First is Meta. I believe that Meta is one of the most well-positioned to leverage this AI buildout because their core product, their family of apps, are direct beneficiaries of improved AI, improving recommendations, engagement, and ad targeting across Facebook, Instagram, Reels, and WhatsApp, which in turn drives stronger CPAs and ROAs for their advertising business. In addition to this, they are perhaps priced the most reasonably out of their peers, with an NTM P/E of 18.3x, EV/Sales of 5.8x, and EV/EBITDA of 10.1x. Consensus estimates place revenue growth of ~25% in FY2026, moderating to ~17% by FY2028. Assuming those estimates materialize, Meta would be trading at just ~14.5x FY2028 P/E and ~4.3x FY2028 EV/Sales at today's share price.

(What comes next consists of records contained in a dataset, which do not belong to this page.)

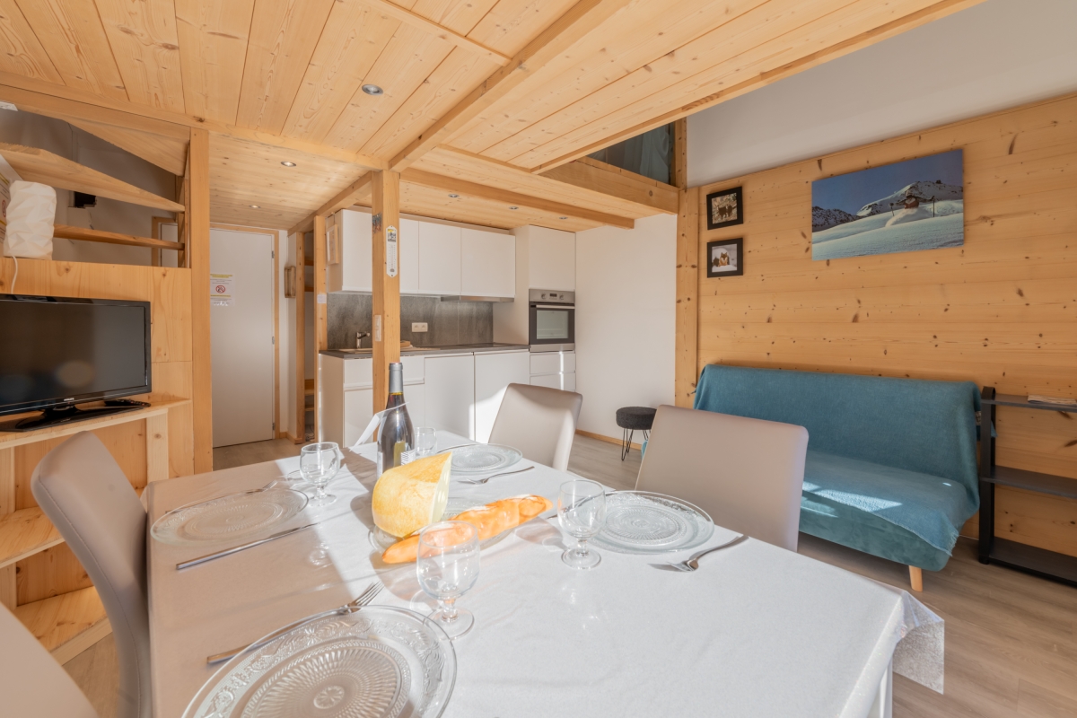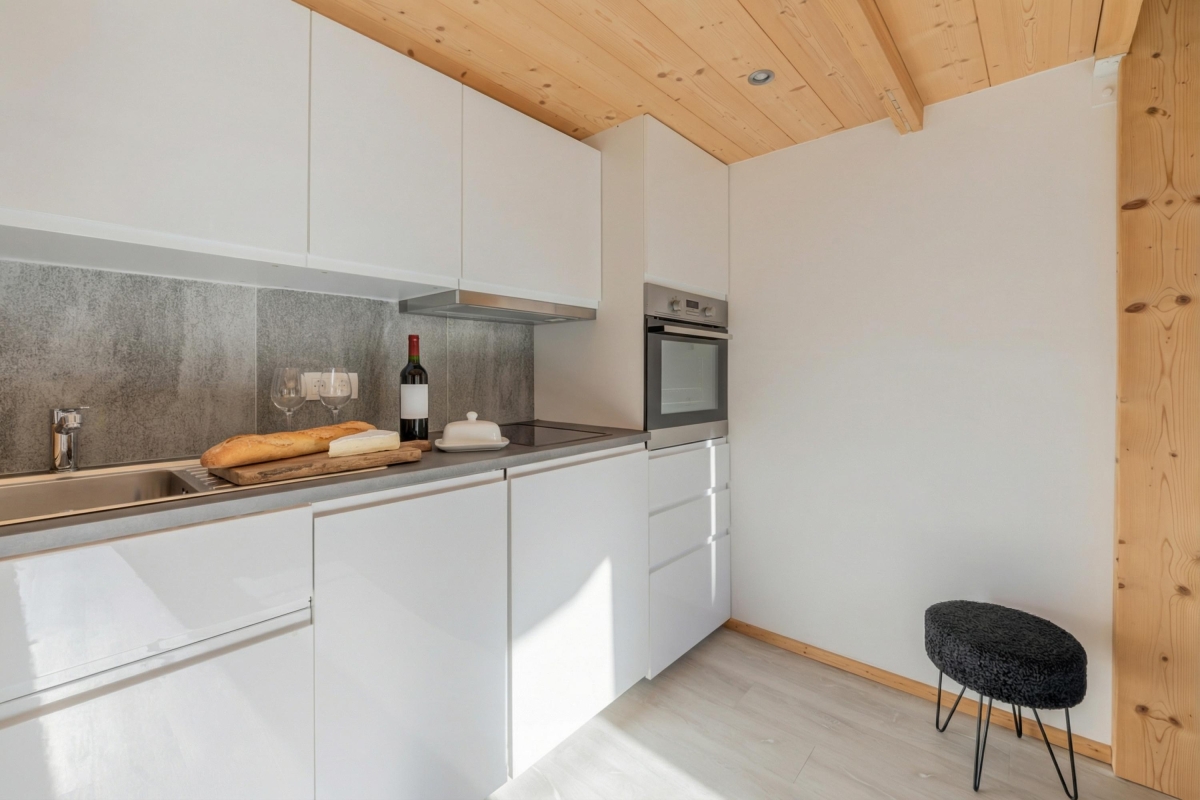 The open-plan living area is full of light, thanks to the large windows and glass door, which leads onto the balcony. It is furnished with a sofa and a flat-screen TV. The dining table is next to the seating area, and a new, fitted kitchen is at the other end of the room. The kitchen is equipped with a cooker hob, oven, microwave, dishwasher, fridge and a Nespresso coffee machine for easy catering. There is a washing machine and a dishwasher in kitchen.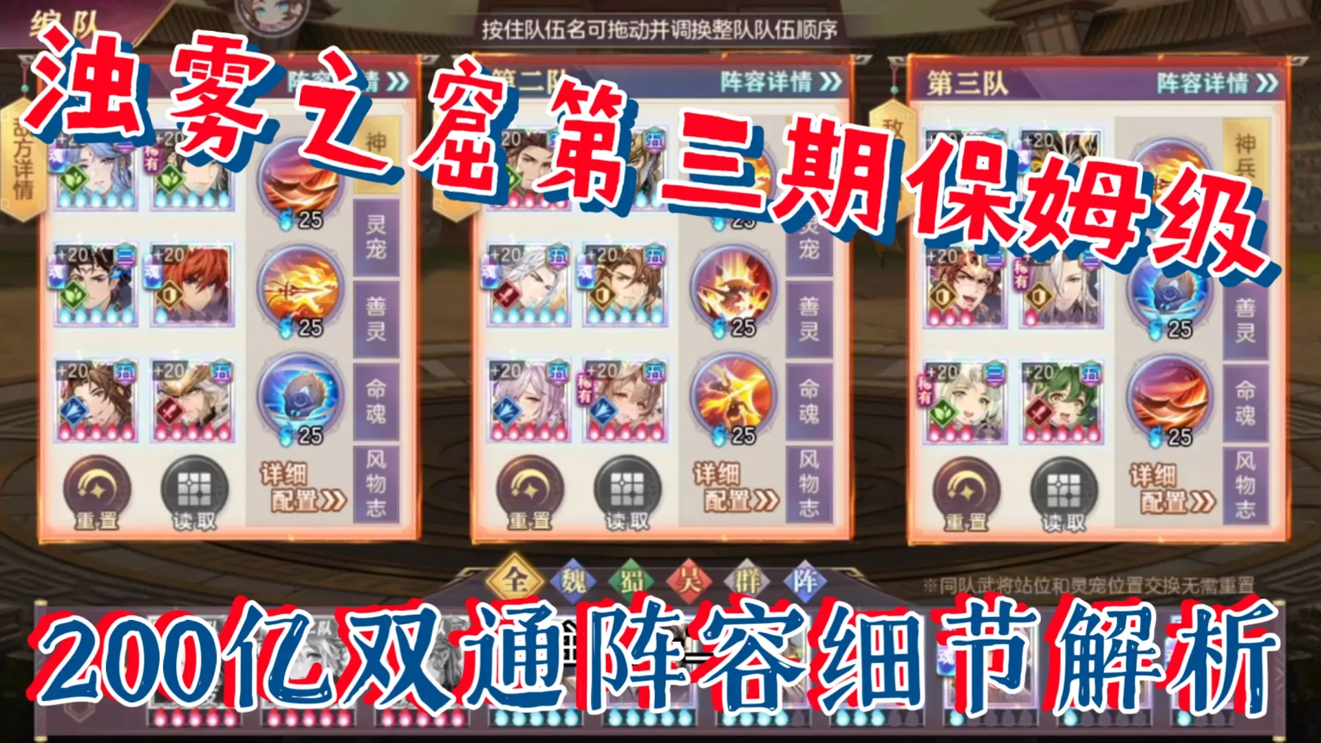 这是《三国志幻想大陆》浊雾之窟第三期的保姆级攻略,带来10亿单通阵容搭配,还针对不同武将拥有情况给出阵容替换方案,助力玩家通关玩法关卡。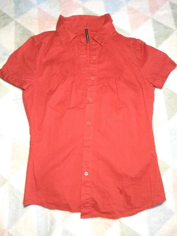 Сорочка з рукавом-ліхтариком. В дрібну білу крапку. Колір яскравий, як на другому фото. ПОГ 43 см, довжина 57 див.
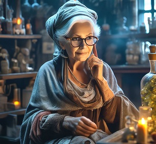 в ведьму со всеми своими атрибутами.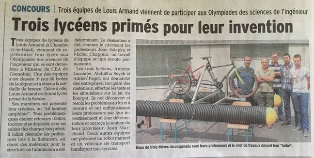 Projet de fin d’études pour le bac 2015 : Une équipe de lycéens de Louis Armand à Chambéry crée un Kit Tandem Amphibie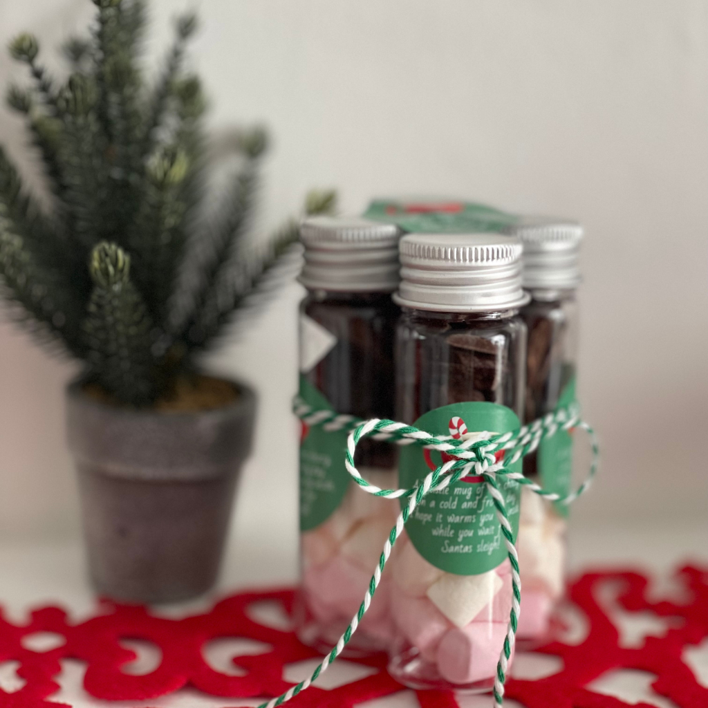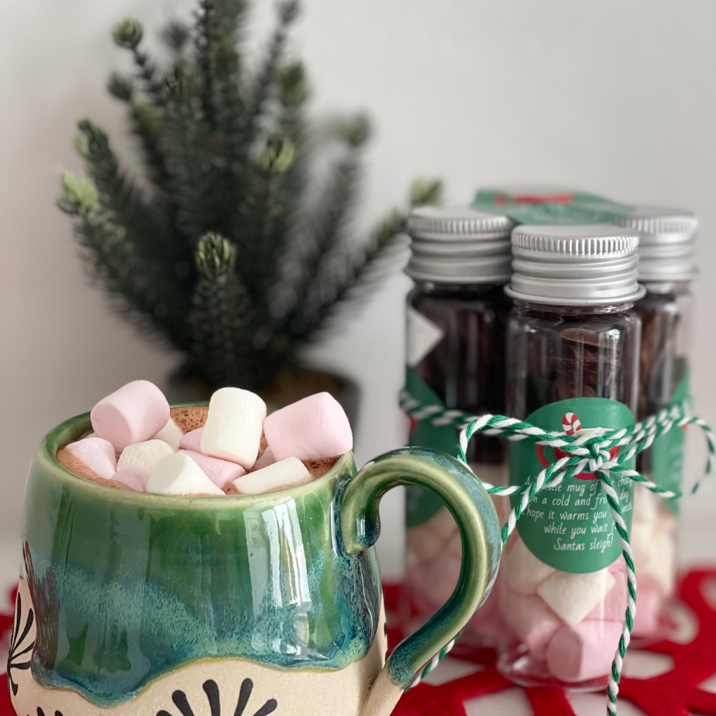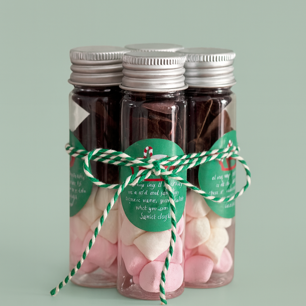 Build your own stocking fillers - mix and match cacao strengths, add mallows, and share the cocoa joy. If you would like more than 6 - let us know and we will make it happen.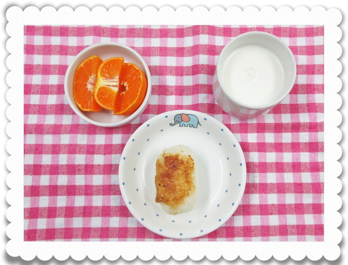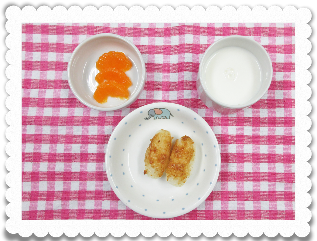 午前食:ミルクパン粥、焼きつくねのケチャップ煮、ポテトあえ、ベジタブルスープ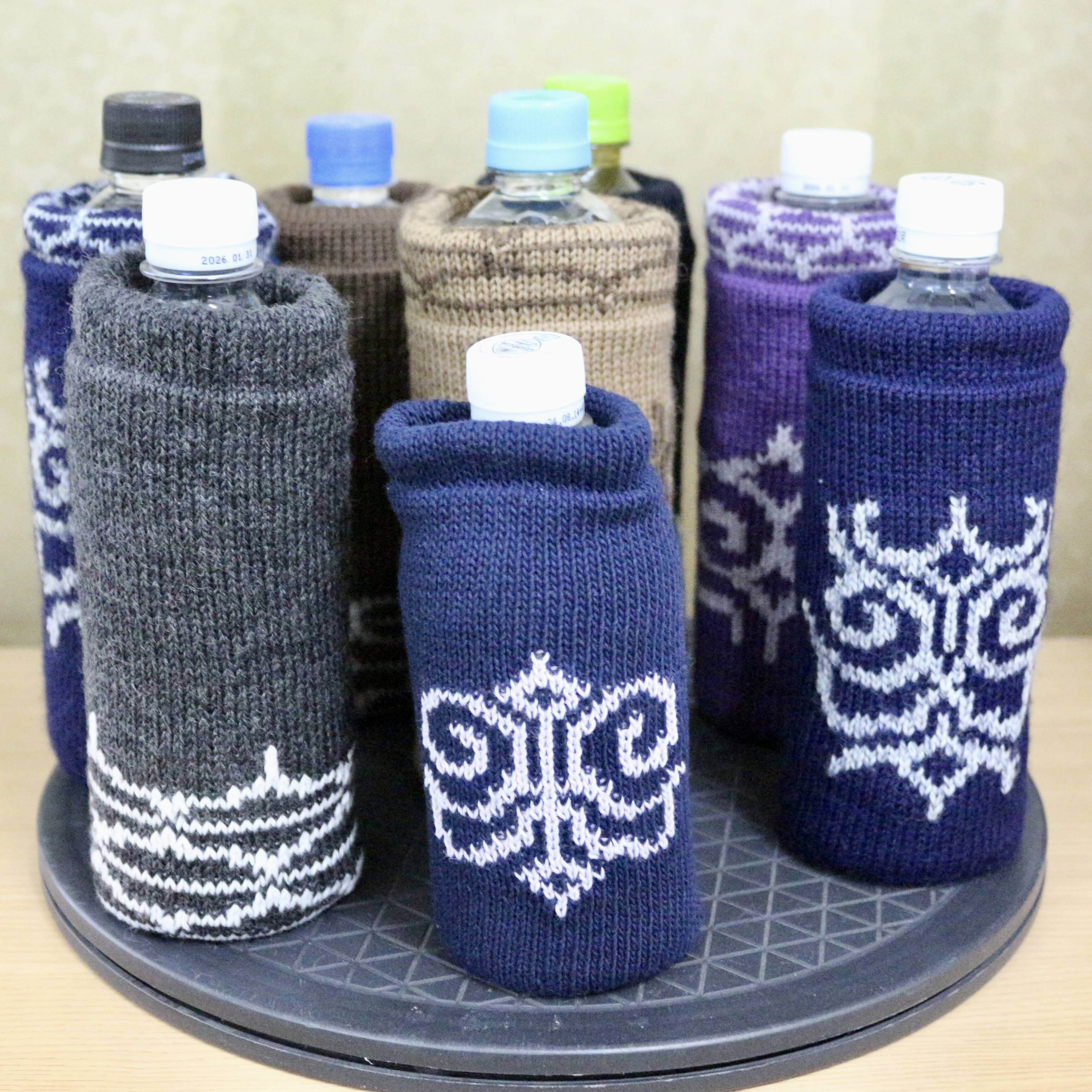 アイヌ服飾研究家 津田命子さんデザインのアイヌ文様を編み込んだペットボトルサイズのボトルカバーです。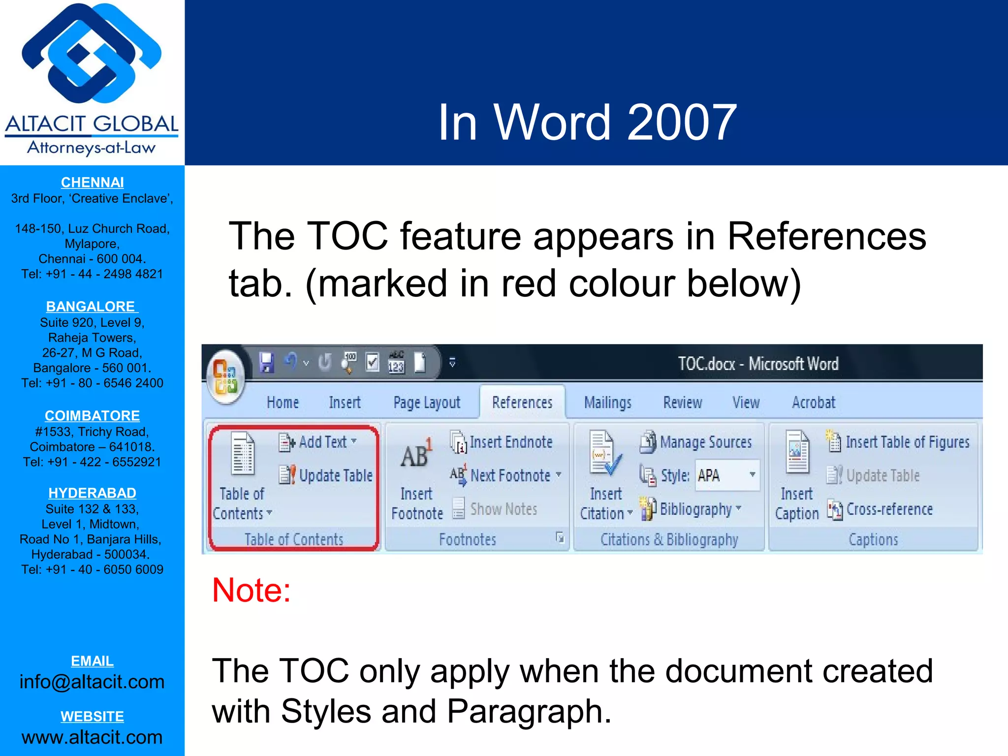Table of contents, footnote & endnote in ms word | PPT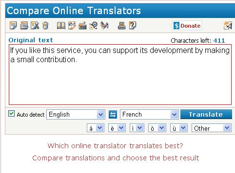 The Translations Comparison tool translates texts and compares the translation results between various online translation providers: Google Translate, Microsoft Translator, Babylon Translator and...

Second is Amazon. Anthropic runs almost entirely on AWS rather than operating its own data centers, the way OpenAI has through its Stargate partnership with Oracle. With Anthropic arguably emerging as the leading frontier AI lab, Amazon benefits from having a committed anchor tenant embedded within its infrastructure. As a result, a significant portion of the capacity Amazon is building already has identifiable demand behind it. Beyond Anthropic, AWS is also the default infrastructure layer for a large share of enterprise AI development, positioning itself to benefit from the growing adoption of AI across the broader economy. The infrastructure story isn't the only part of why I find Amazon interesting. Amazon is the highest revenue company among the hyperscalers, and the bulk of that revenue runs through a retail and logistics operation that has been the most structurally constrained part of the business. However, robotics and AI-driven automation across Amazon's fulfillment network represent a path to improving margins in a segment that has historically been dragging on the overall business. If that plays out, Amazon becomes a company that is simultaneously a builder of AI infrastructure as a direct beneficiary of external AI demand through AWS, and an internal beneficiary of AI deployment across its own enterprise. That unique combination is difficult to find anywhere else in the market.
Taken together, these two names represent what I think is the clearest expression of the rotation thesis. With Micron recently hitting a 1.0 trillion dollar market cap, it is really hard not to position heavily within the most direct beneficiaries of AI spend, which is understandable, and for the past two years, it has been the right call. But I find the more interesting question to be where the returns ultimately accrue once the infrastructure is built. The way I think about it is owning both sides of the AI value chain. On one side are the companies capturing the spending today, the semiconductor, memory, and infrastructure providers with the greatest exposure to where capital is flowing. On the other hand, the hyperscalers are most likely to benefit as the returns on that investment become increasingly visible. The goal is not to predict exactly when the market's focus shifts from builders to beneficiaries, but to maintain exposure to both. If the AI buildout continues, the infrastructure layer should continue to win. If the productivity gains ultimately materialize, the capital may eventually rotate back toward the companies best positioned to monetize them.